Lucy Normile: on the mark with Royal Regent
Lucy Normile: has enjoyed a 20-year training career but is no longer able to make it payCredit: John Grossick (racingpost.com/photos)

Lucy Normile has given up training and expressed fears the Covid-19 pandemic will force others to hand in their licences.

And her worries were echoed by National Trainers Federation chief executive Rupert Arnold, although he pointed to the resilience of those in the profession.

Normile, who is based in Perthshire and enjoyed her biggest win with Vandas Choice in a valuable handicap hurdle at Down Royal in 2003, has trained for 20 years but is no longer able to make it pay in the wake of the coronavirus outbreak.

"You'd have to put Covid-19 as the real factor," she said. "I haven't got enough horses to keep going and we then had to turn a lot of the summer jumpers out when we didn't know what was happening. I've had a couple of owners who have been hit hard.

"We're the last on the line of places to spend money – people don't have to have racehorses but they have to feed and clothe their family. It's my business but it's everyone else's hobby and in this current economic disaster we're bottom of the chain."

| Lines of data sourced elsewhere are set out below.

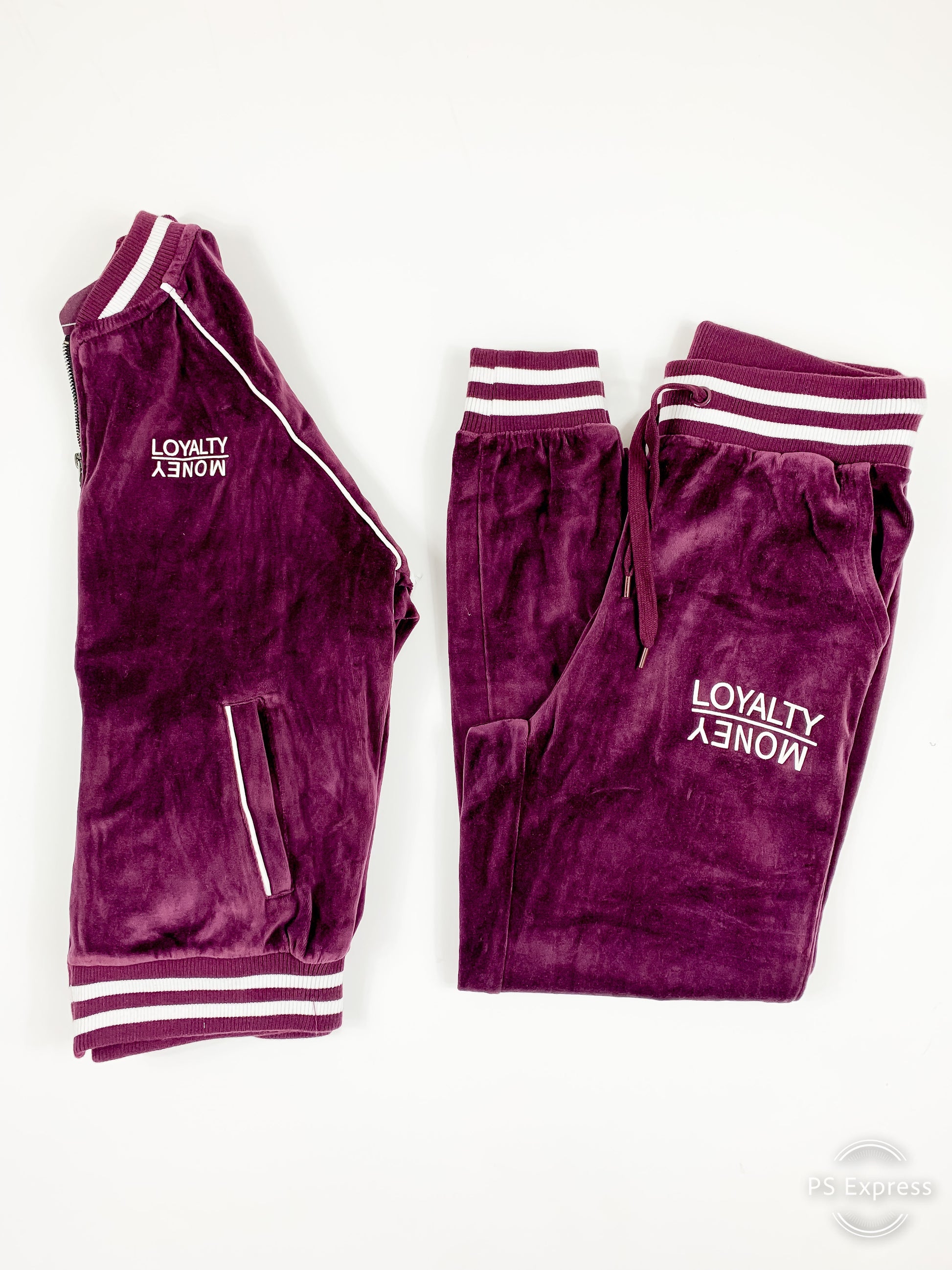 Ladies maroon loyalty over money valor sweatsuits.runs a slight big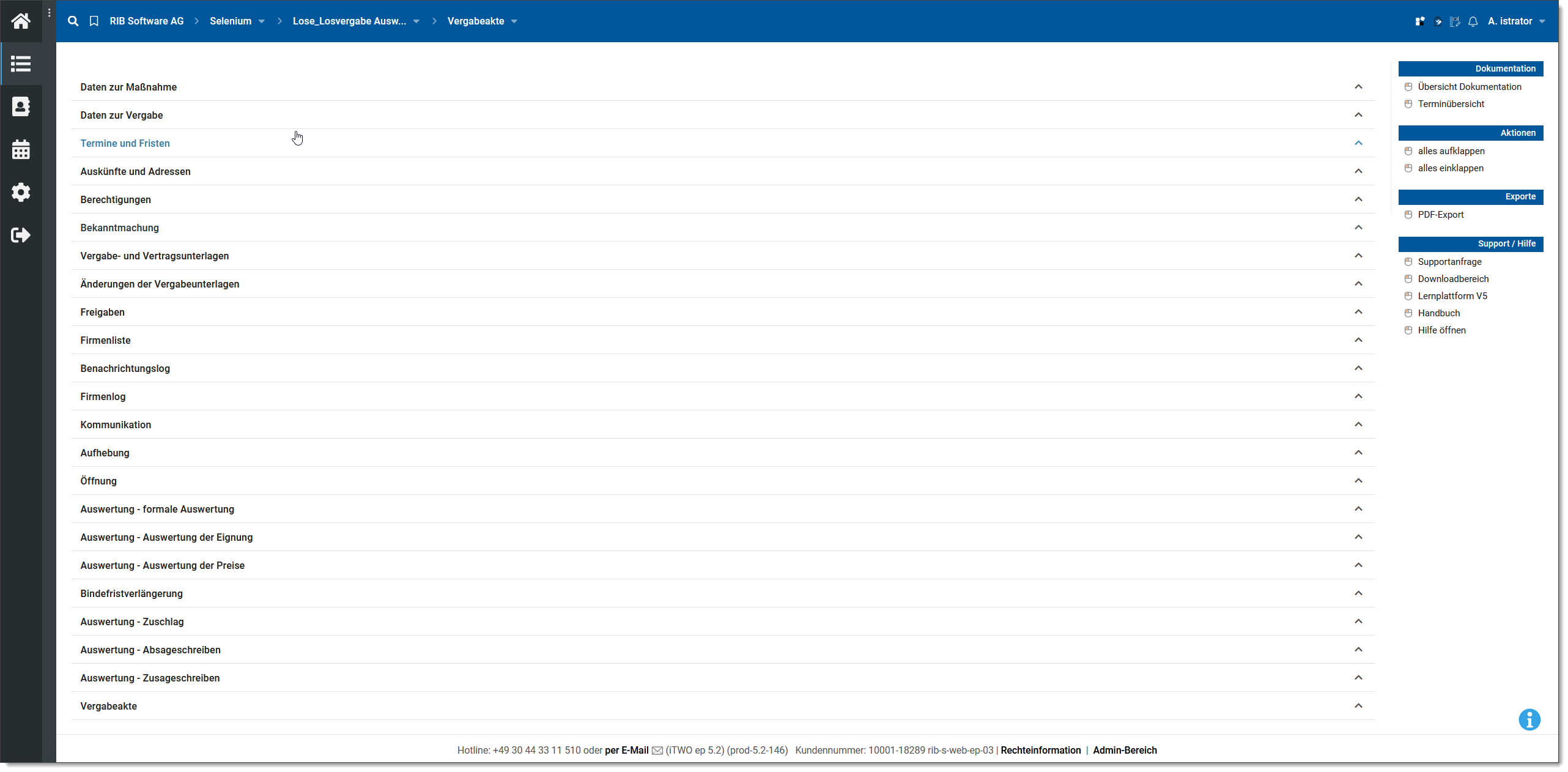 Wählen per Doppelklick Sie den Bereich oder die Bereiche, den Sie einsehen wollen. Über das Aktionen-Menü können Sie zusätzlich alle Bereiche auf- oder einklappen. Wenn Sie die Vergabeakte als PDF ausgeben wollen, klicken Sie auf PDF-Export.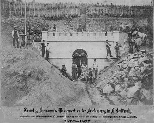 Zum Zwecke der Wasserversorgung seines Grundstücks und der Nachbargrundstücke ließ Gießmann, der Besitzer des Badhotels, einen Tunnel durch den Berg treiben, von der Burgstraße bis in die Nähe vom Schwarzes Teich im Waldpark, 309 m lang, 2 m hoch und 1 m breit, davon 34 m ausgemauert.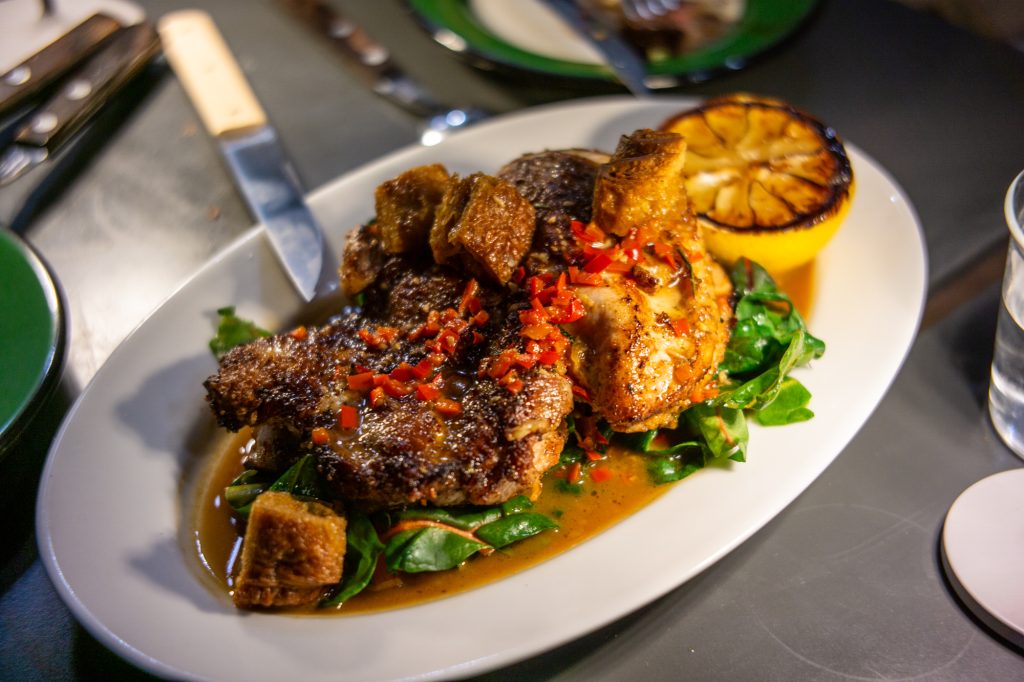 Koji-marinated roast chicken with grilled lemon, Swiss chard, and bagna cauda at Sqirl in Los Angeles. | Matthew Kang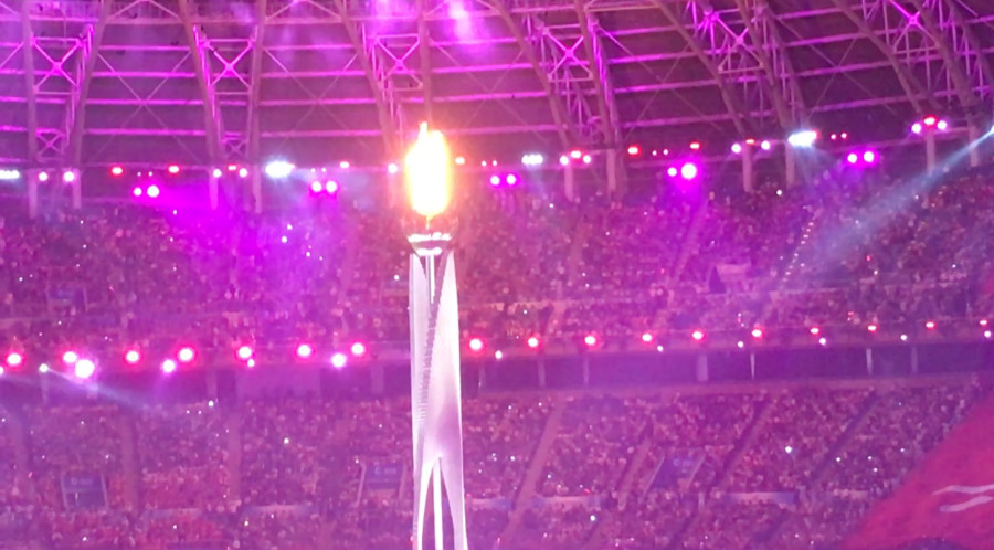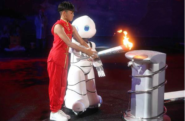 在火炬?zhèn)鬟f環(huán)節(jié),首創(chuàng)將場內(nèi)火炬?zhèn)鬟f延伸進(jìn)觀眾席,火炬所到之處,激發(fā)觀眾手中紅色發(fā)光物燃亮,以“火光帶動燈光”在視覺上形成燈火相映、光芒燃動的震撼效應(yīng)。這是一次獨(dú)特的看臺景觀設(shè)計(jì),造就了一次參與人數(shù)眾多的火炬?zhèn)鬟f,也體現(xiàn)了“全運(yùn)惠民,健康中國”的主題,采取津娃與智能機(jī)器人攜手點(diǎn)燃圣火的方式,這是傳統(tǒng)與現(xiàn)代的碰撞、是文化與科技的交握,寓意天津?qū)ξ磥淼难s——以體育的名義,誠邀天下;以圣火的光芒,啟動未來。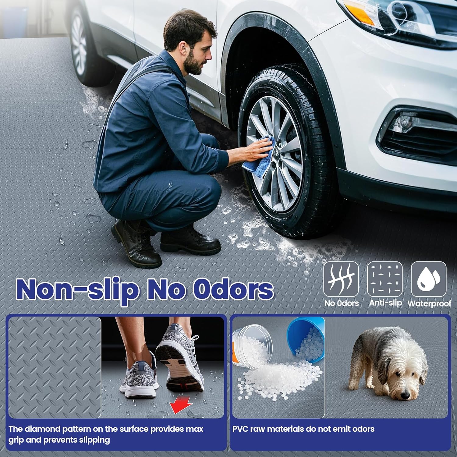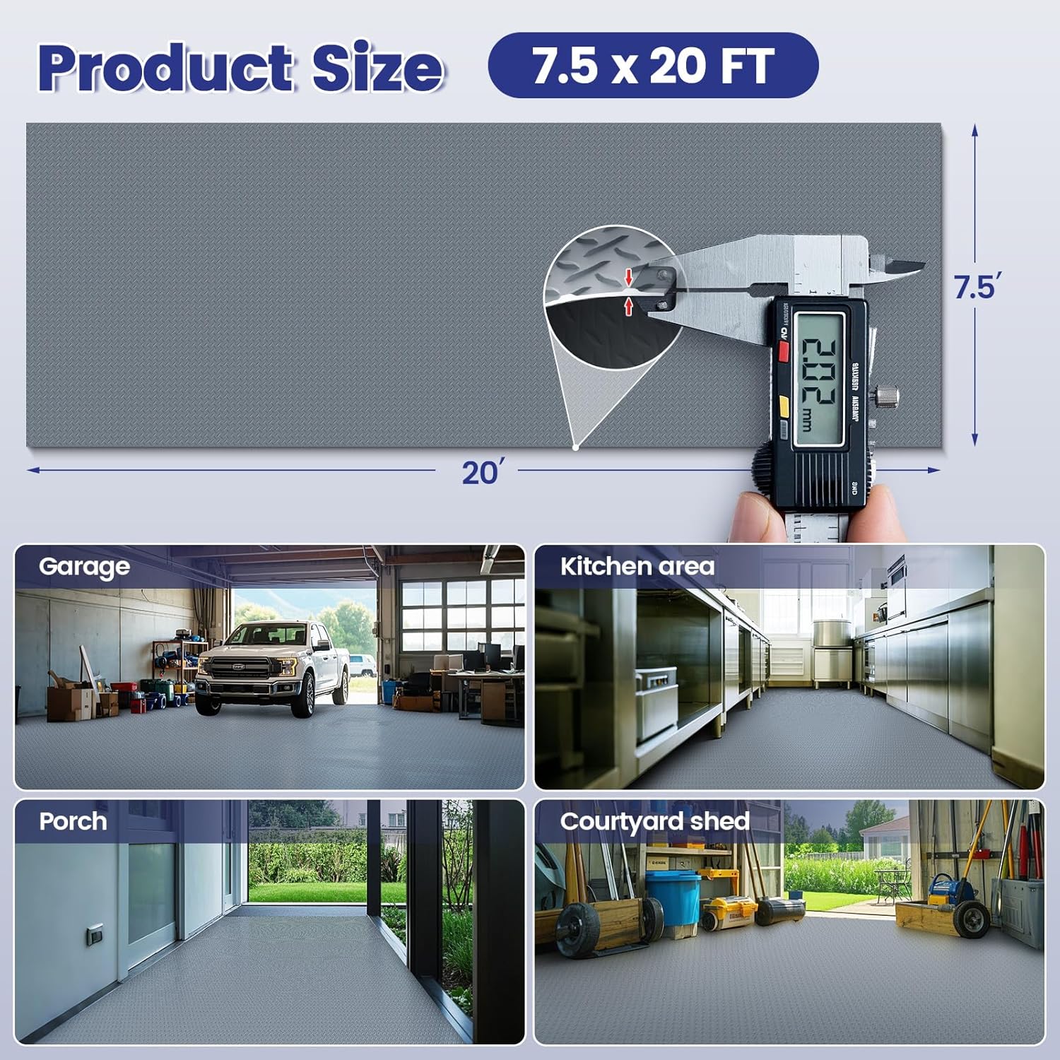 TRIPOWER Heavy Duty Garage Floor Mats - 7.5 x 20 FT, Diamond Plate, Anti-Slip and Waterproof PVC Garage Flooring Roll for Under Car, Trailer, Porch, Grey

'It's never been a profitable business'

Normile, 48, had her final runner when Granite City Doc finished second at Newcastle last Saturday and reflected: "It's horrible. It's been my life for as long as I can remember, through the good times and the bad times, but I've got to the stage where I've just got to think of my kids and my partner and work out what's best for all of us.

"I have no idea what I'm going to do now. Maybe something that actually makes me some money! It's probably never been profitable but you keep going and you have some nice horses and some good winners – you don't lose money but you don't make money. It's never been a profitable business but it's kept the wolf from the door and kept us going.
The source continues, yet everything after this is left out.